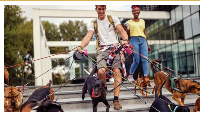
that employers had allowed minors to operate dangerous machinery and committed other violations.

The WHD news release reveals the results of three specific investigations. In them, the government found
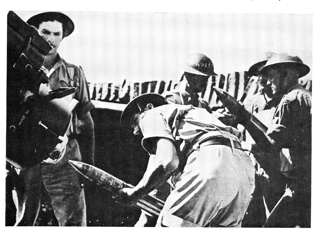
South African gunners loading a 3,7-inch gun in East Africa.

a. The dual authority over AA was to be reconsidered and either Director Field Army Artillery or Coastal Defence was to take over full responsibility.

==

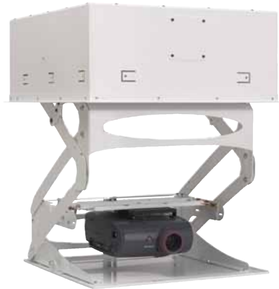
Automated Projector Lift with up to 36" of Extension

Problem to work on:
Above are the records; copy from them only the lines starting at the one containing "The WHD news" and ending at the one containing "a. The dual", exactly and without pictures.

Written reply:
The WHD news release reveals the results of three specific investigations. In them, the government found
South African gunners loading a 3,7-inch gun in East Africa.

a. The dual authority over AA was to be reconsidered and either Director Field Army Artillery or Coastal Defence was to take over full responsibility.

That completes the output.